The Fourth Amendment to the U.S. Constitution asserts that, "The right of the people to be secure in their persons, houses, papers, and effects, against unreasonable searches and seizures, shall not be violated, and no warrants shall issue, but upon probable cause, supported by oath or affirmation, and particularly describing the place to be searched, and the persons or things to be seized."

This amendment is intended to protect our expectations of privacy, to protect us from being searched without cause. Yet millions of Verizon subscribers, and quite possibly countless subscribers of other telecommunications companies, are having their personal phone call information mined and monitored. Who knows how many other "top secret" court orders are currently in action with countless other information providers?

Elizabeth Goitein, co-director of the Liberty and National Security Program at the Brennan Center for Justice, told the Washington Post, "This suggests that the government has been compiling a comprehensive record of Americans' associations and possibly even their whereabouts." Where is the probable cause to spy on Americans in this way?

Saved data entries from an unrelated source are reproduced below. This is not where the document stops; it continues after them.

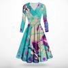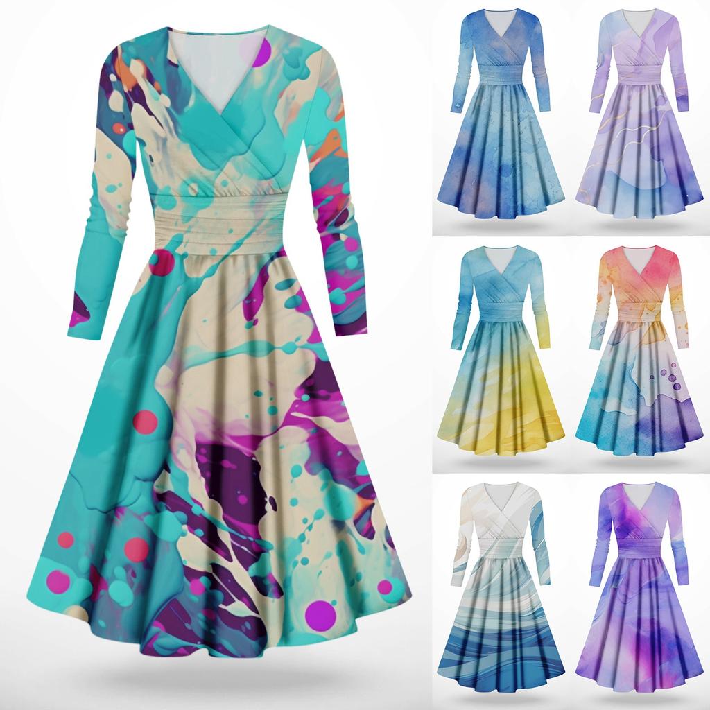 Женская мода повседневное платье с длинным рукавом и v-образным вырезом с принтом и карманами — купить товар онлайн с бесплатной доставкой по всему миру!
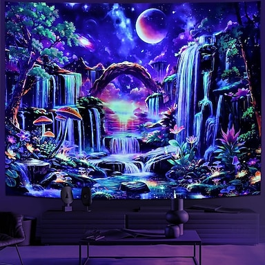 arazzo di montagna con luce nera, arazzo floreale con piante psichedeliche, arazzo da parete con pianeti galattici reattivi ai raggi UV, arazzo paesaggistico con cascate al neon, arazzo da parete per
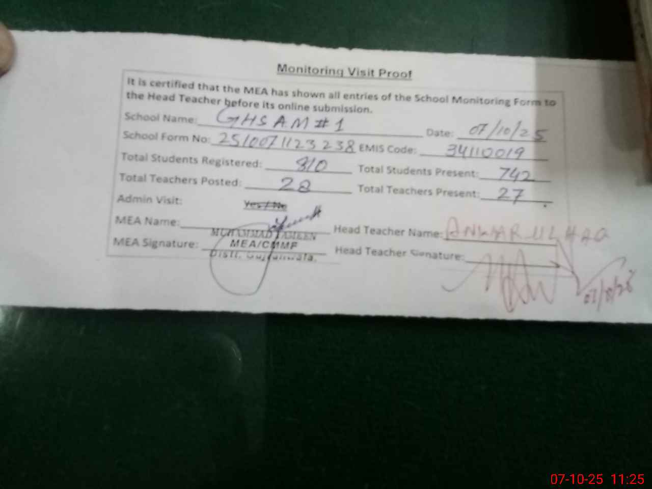 | Attendance Register | Head Teacher | MEA with School | Visit Proof |
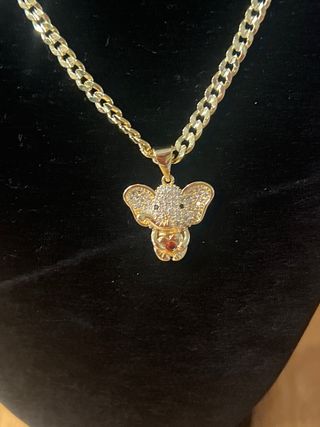 Elegante cadena con colgante de elefante bebé, laminada en oro de 14 quilates. - Diseño detallado del elefante. - Cadena tipo cubana. - Acabado brillante -cadena de 45cm.
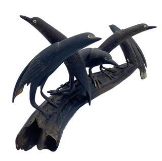 DS-88- Dark carved horn sculpture with 5 birds perched on top, c. 1915 carved horn 8 x 14.50 x 6.50 in
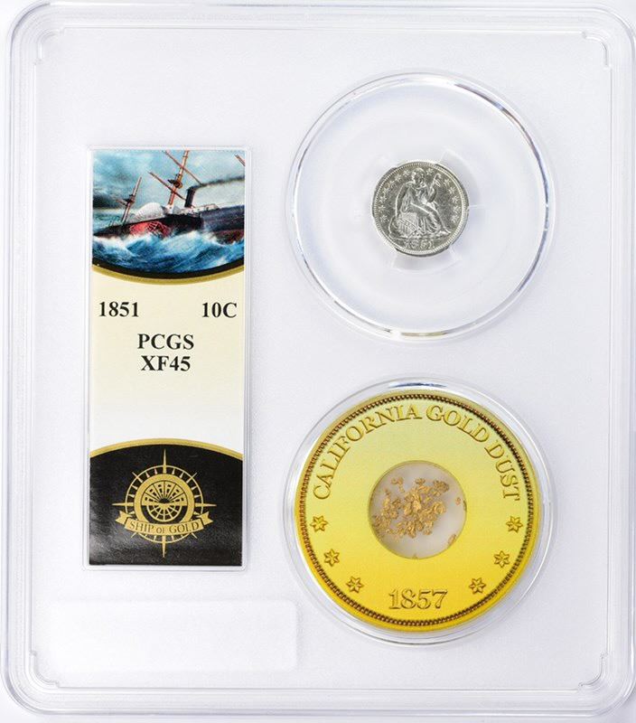1851 Seated Liberty Dime PCGS XF-45 From The S.S. Central America With Gold Pinch
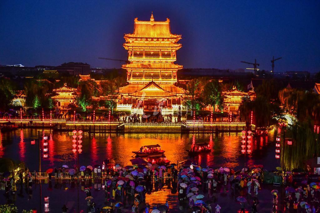 2020年10月2日晚,山东台儿庄古城华灯初上,有人乘坐摇橹船欣赏古城美景,乐享国庆假期。
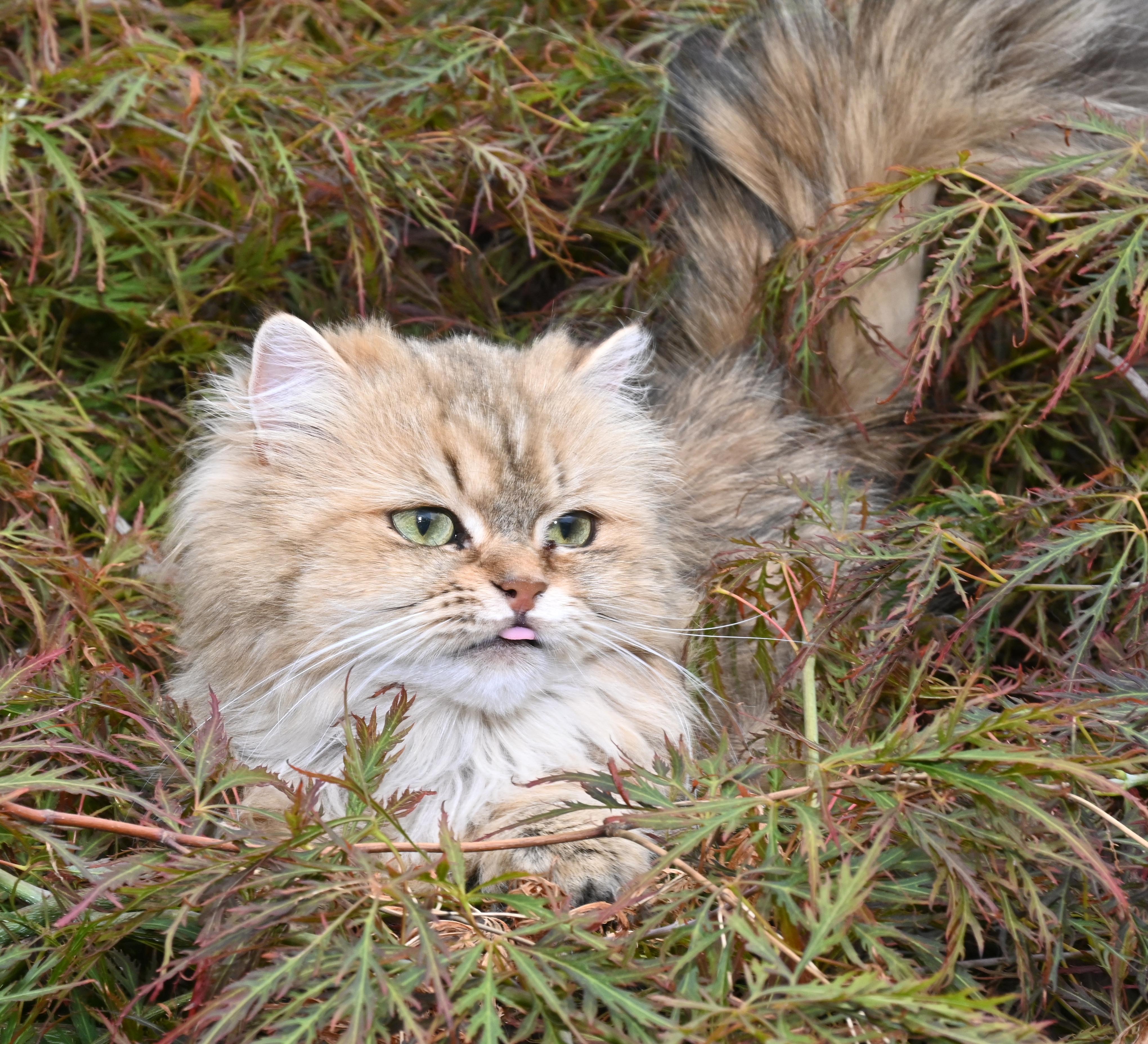 Haar karakter is geweldig. We noemen haar regelmatig Piep, omdat ze niet miauwt maar piept, dus al snel kreeg ze die bijnaam. Als je haar wilt kammen, begint ze pruttelend te protesteren. Niet dat ze kammen heel erg vindt, maar ze vindt toch dat ze er niet zonder slag op stoot aan mag toegeven. Het pruttelen is een lief gepruttel, niets kwaadaardigs of boos… :-). Klein eigenwijsje.

While certainly foreign and domestic terrorism are threats against which we must be protected, threatening our basic liberties and constitutional rights in order to do so seems to be a terrible abuse of governmental power.

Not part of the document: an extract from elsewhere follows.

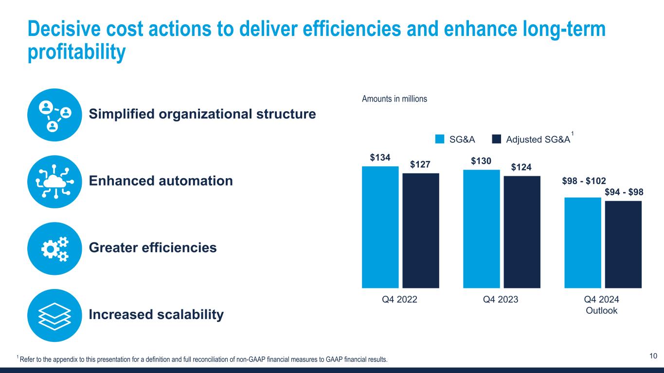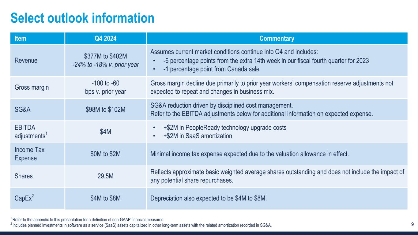 9 Select outlook information Item Q4 2024 Commentary Revenue $377M to $402M -24% to -18% v. prior year Assumes current market conditions continue into Q4 and includes: • -6 percentage points from the extra 14th week in our fiscal fourth quarter for 2023 • -1 percentage point from Canada sale Gross margin -100 to -60 bps v. prior year Gross margin decline due primarily to prior year workers’ compensation reserve adjustments not expected to repeat and changes in business mix. SG&A $98M to $102M SG&A reduction driven by disciplined cost management. Refer to the EBITDA adjustments below for additional information on expected expense. EBITDA adjustments1 $4M • +$2M in PeopleReady technology upgrade costs • +$2M in SaaS amortization Income Tax Expense $0M to $2M Minimal income tax expense expected due to the valuation allowance in effect. Shares 29.5M Reflects approximate basic weighted average shares outstanding and does not include the impact of any potential share repurchases. CapEx2 $4M to $8M Depreciation also expected to be $4M to $8M. 1 Refer to the appendix to this presentation for a definition of non-GAAP financial measures. 2 Includes planned investments in software as a service (SaaS) assets capitalized in other long-term assets with the related amortization recorded in SG&A.

Am I just paranoid? Possibly. However, as a criminal defense attorney, I see the government trample on my clients' constitutional rights day-in and day-out. So, yeah... maybe I am a little bit cynical. Maybe I am a little bit biased. But I'm not naïve.

The top two counter arguments I've heard so far:
  1. "This is absolutely necessary to catch all the terrorists and protect our children."
  2. "You shouldn't be worried if you aren't doing anything illegal."

Come on, America. We are smarter than that.

As to the first argument, such a massive invasion of privacy on such a wide scale is not necessary to focus on the small percentage of individuals with terroristic-intentions. If the government is really doing its due-diligence, it should be able to narrow down the individuals it needs to focus on a tad bit better.

As to the second argument, where is the logic there? If you take it to its absurd conclusion, you are basically telling me that, if you have never, will never, and could never violate the law, then it's okay for the government to spy on you. I disagree wholeheartedly.

The government doesn't get to see everything you've got just because you've got nothing to hide.

As the scope of the court order comes to light, many Americans, including myself, are uneasy. To what lengths will the government go in compiling information -- phone records, DNA, etc. -- about innocent citizens not suspected of wrongdoing? Big brother may be watching, indeed.

The government won't know how far they can stretch their "intelligence-gathering" methods until they're caught and told to stop. Let's just hope they went all-in on their first hand.